» Problem description
What must be handed in is the entire listing, exactly as written, with no pictures.

» Dataset content
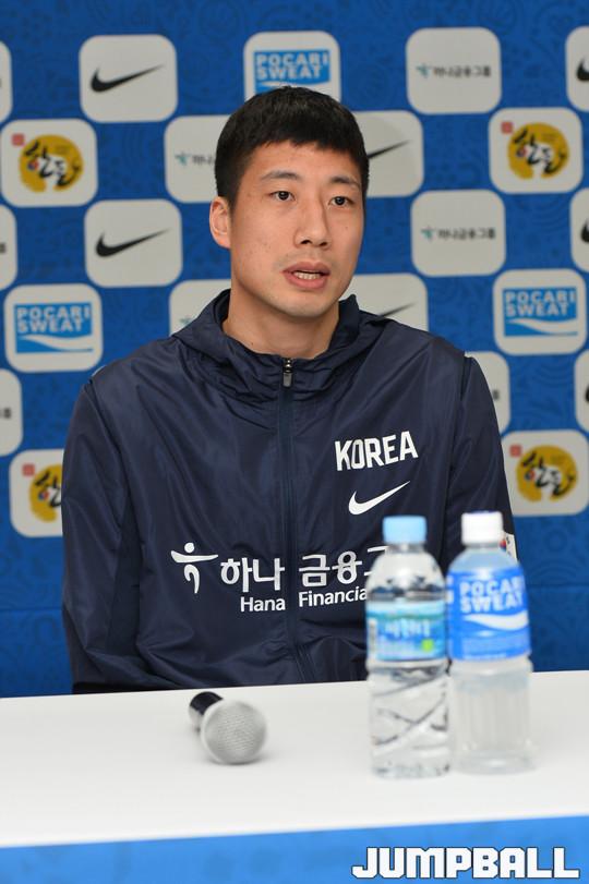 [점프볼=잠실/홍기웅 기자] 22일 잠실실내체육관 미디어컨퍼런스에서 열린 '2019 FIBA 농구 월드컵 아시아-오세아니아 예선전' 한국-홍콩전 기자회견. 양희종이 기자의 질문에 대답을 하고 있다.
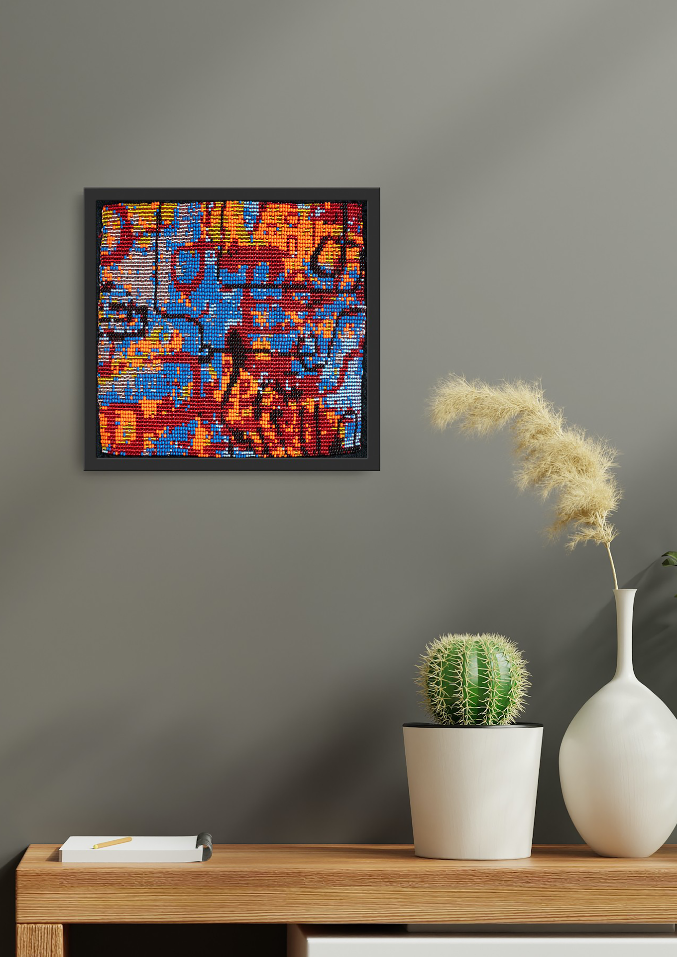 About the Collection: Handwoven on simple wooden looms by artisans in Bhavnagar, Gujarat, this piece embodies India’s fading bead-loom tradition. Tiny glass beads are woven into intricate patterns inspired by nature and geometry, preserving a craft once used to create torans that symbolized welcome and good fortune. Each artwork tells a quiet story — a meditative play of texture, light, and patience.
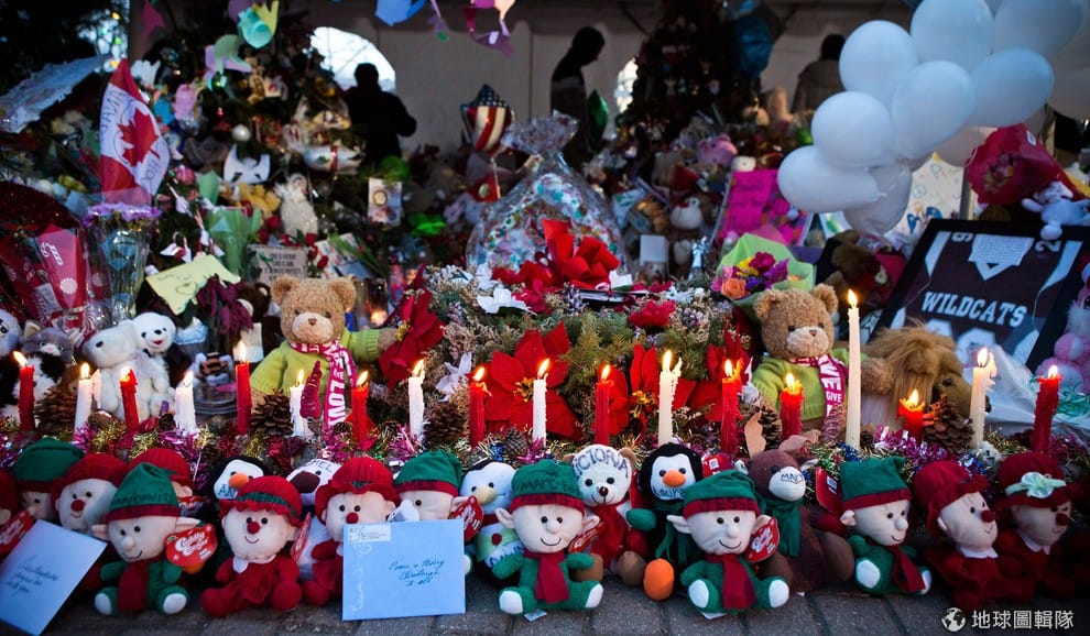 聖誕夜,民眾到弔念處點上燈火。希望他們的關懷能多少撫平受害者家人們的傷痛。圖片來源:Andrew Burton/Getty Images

» Task answer
 [점프볼=잠실/홍기웅 기자] 22일 잠실실내체육관 미디어컨퍼런스에서 열린 '2019 FIBA 농구 월드컵 아시아-오세아니아 예선전' 한국-홍콩전 기자회견. 양희종이 기자의 질문에 대답을 하고 있다.
 About the Collection: Handwoven on simple wooden looms by artisans in Bhavnagar, Gujarat, this piece embodies India’s fading bead-loom tradition. Tiny glass beads are woven into intricate patterns inspired by nature and geometry, preserving a craft once used to create torans that symbolized welcome and good fortune. Each artwork tells a quiet story — a meditative play of texture, light, and patience.
 聖誕夜,民眾到弔念處點上燈火。希望他們的關懷能多少撫平受害者家人們的傷痛。圖片來源:Andrew Burton/Getty Images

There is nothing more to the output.